昨日の投稿でも取り上げましたが、イギリスではバーナム新政権が誕生しました。新しい内閣の人事では、スターマー前首相に近かった人たちは遠ざけられたとの報道です。
主要閣僚の中で、"chancellor"というポジションが出てきます。
"chancellor"の指すポジションには様々あるようですが、例えばドイツでは首相を指すのに使われるということは知っていました。イギリスでは?
知らなかったのですが、イギリスで"chancellor"は大蔵大臣、財務大臣のことなんだそうです。
Andy Burnham pledged to "bring back hope" to Britain, as he began his tenure as prime minister by appointing Labour stalwart John Healey as chancellor.
(中略)
Speaking to broadcasters, Healey said the pair will "work in lockstep to meet the fiscal rules with a buffer against uncertainty" and on how they will "make life more affordable for working people right across the UK".
(Burnham pledges to 'bring back hope' as he makes Healey chancellor. BBC News. July 21, 2026.)
バーナム首相は財務相("chancellor")にヒーリー氏を指名、英国民の生活を豊かにすることを誓っています。税負担の軽減などの施策は財務大臣の職務範囲でしょう。
辞書を引いてみますと、
Chancellor of the Exchequer
というのが正式な名称のようです。
The senior finance minister in the British government and a member of the prime minister's cabinet.
(American Heritage Dictionary)
この"Exchequer"というのは何かと言うと、"checker"、つまりチェス盤などに見られる、四角の格子で構成される市松模様のことを指します。

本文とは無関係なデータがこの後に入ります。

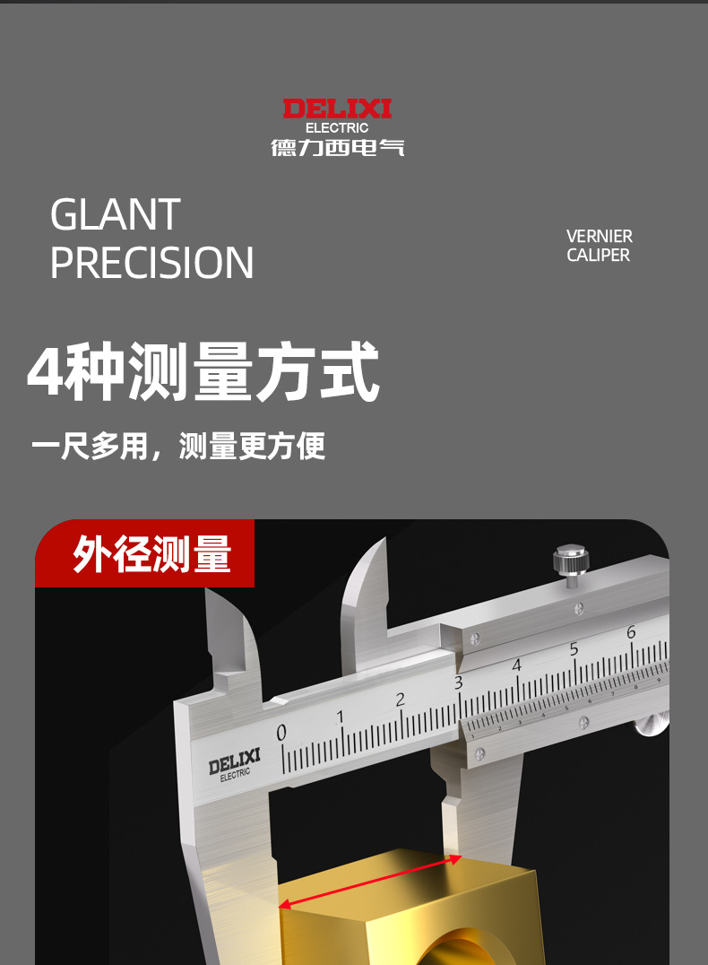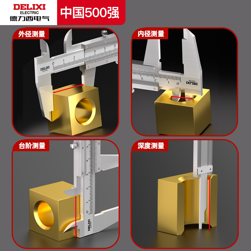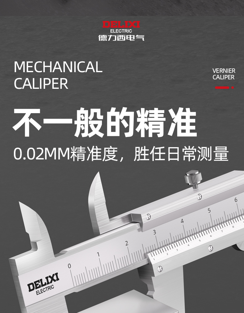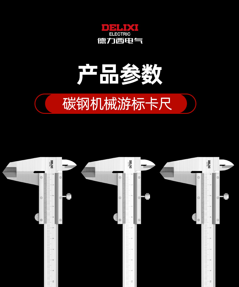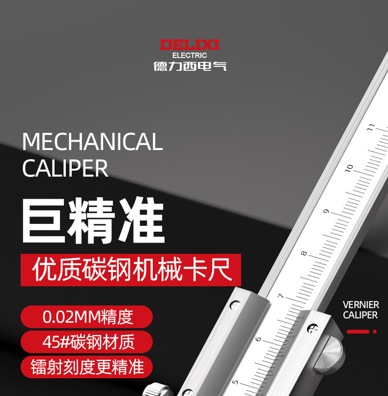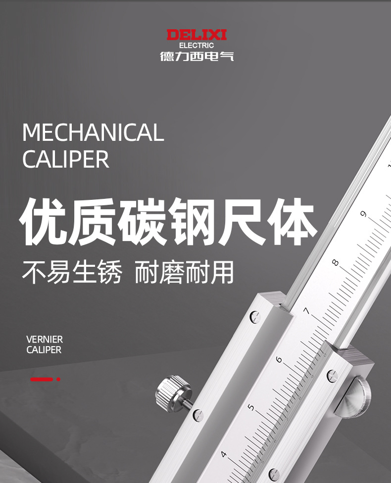 德力西电气不锈钢卡尺高精度工业级0-150-200-300mm机械游标卡尺
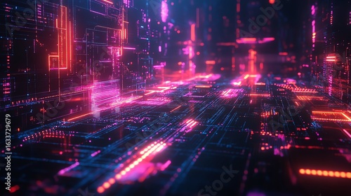 Fototapeta premium Futuristic Digital Data Network with Neon Pink and Blue Circuitry in High...
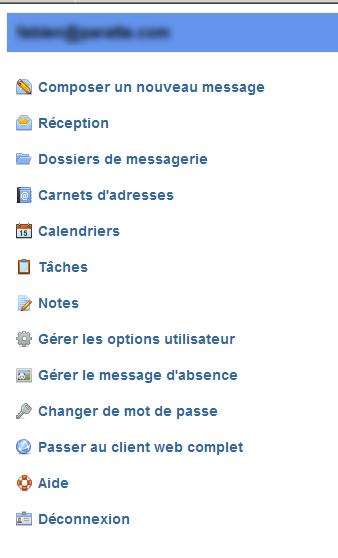 La passerelle webmail permet de personnaliser la configuration de votre compte de messagerie (message d'absence, etc.)
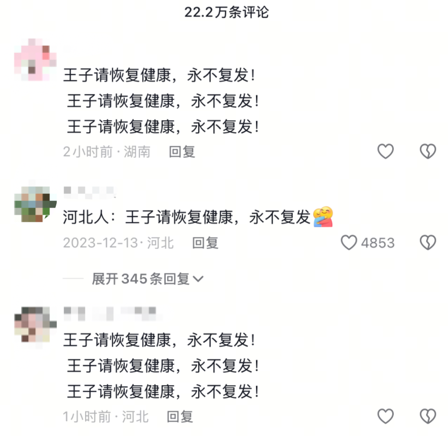 豪豪带着稚气的话语,感染了很多网友,也让这段视频“出了圈”,短短几天,他收到20万条网友的鼓励和祝福,大家的留言整齐划一,“王子,请恢复健康!永不复发!”
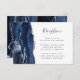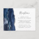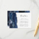 Den lämnat kant i eleganten har ett modernt mottagningskort för bröllopsresor med en marin blå vattenfärgsagat gräns som trimmas med faux silver glitter. Rubriken visas i handskriftsskript, med anpassade nedan i färgkodsteckensnitt för kol-grått på vit bakgrund. Den omvända sidan har en matchande marin blå och silver-agate-design.
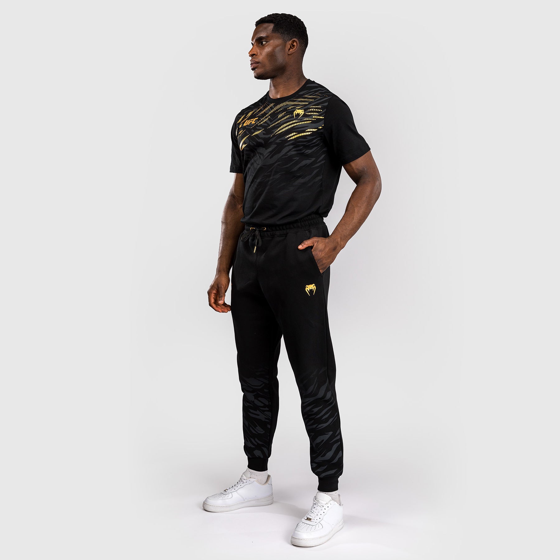 Les détails en blanc du logo Venum et de l'UFC au niveau des hanches ajoutent une touche finale à ces pantalons de survêtement décontractés. Cette combinaison de couleurs noir/or est réservée aux champions de l'UFC.
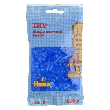 Hama Midi perler i pose med 1.000 stk. Farge: Transparent blå. Med perler i mange farger kan du lage mange slags mønstre og figurer. Lek med perler øker kreativiteten og trener finmotorikk, mønstergjengivelse, fargelære, logikk og geometrisk sans. Kun fantasien setter grenser.
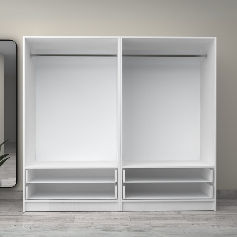 Ντουλάπα ρούχων Victoria Megapap τετράφυλλη με συρτάρια χρώμα λευκό 200x60x181εκ.
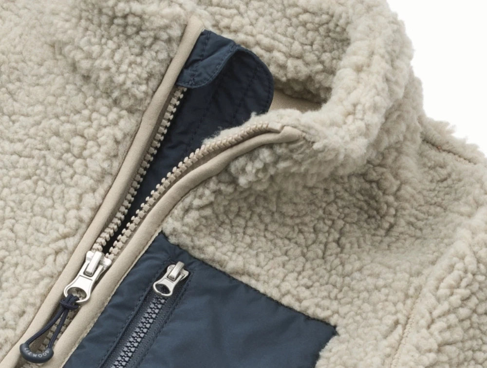• Gennemgående lynlås og høj krave
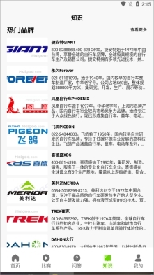 5、在知识之一界面可以看自行车的热门品牌都有哪些
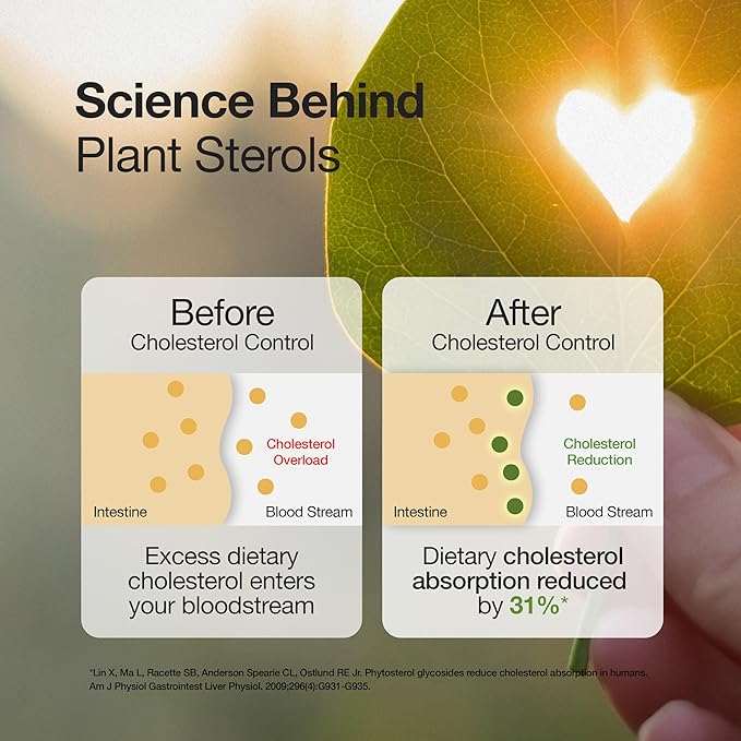 - PATENTED & CLINICALLY TESTED PLANT STEROLS: A natural blend of Standardised and clinically tested plant-based Phytosterols - CoroWise & Vegapure, proven to lower LDL cholesterol levels and improve HDL cholesterol levels. Cholesterol control takes a comprehensive approach to cholesterol management by targeting multiple aspects of cholesterol regulation, including absorption, metabolism, and antioxidant defence. Plant sterols help control cholesterol metabolism and manage cholesterol effectively. It protects against oxidative stress and support cardiovascular health.

ノルマンディー公国の時代、テーブルに拡げた市松模様の布の上にカウンターを配置して収支の計算を行ったことに由来するんだとか。
"Exchequer"というスペルについては、元々はアングロフランス語eschekerだったものが、語頭のes-がラテン語の接頭辞ex-に誤解されたものだとの語源解説を辞書に認めることができます。ちなみに、"check"という単語の語源については以前取り上げました。
この"Chancellor of the Exchequer"が"chancellor"と省略されたものだと解釈されますが、"chancellor"という単語についても興味深い語源があるようです。
"chancellor"というのは元は玄関番を指す言葉で、柵(の棒の1本)を意味する"cancellus"という単語(ラテン語で格子を意味するcancer)と関連があるそうです。柵によって中(内)と外を隔てたんですね。"chancellor"は色々なポジションを指すと書きましたが、そのひとつには大法官(Lord Chancellor)というものがあり、これは法官が柵によって隔てられた場所に位置しているからだそうなんですね。身分が違う、ということですね。
また、"chancellor"と関連する"cancellus"にはそのスペルに"cancel"(キャンセル)という単語を認めることができますが、取り消す、やめる、という現代の意味は文字に棒線を引いて消す、すなわち取り消すということから来ているんだそうです。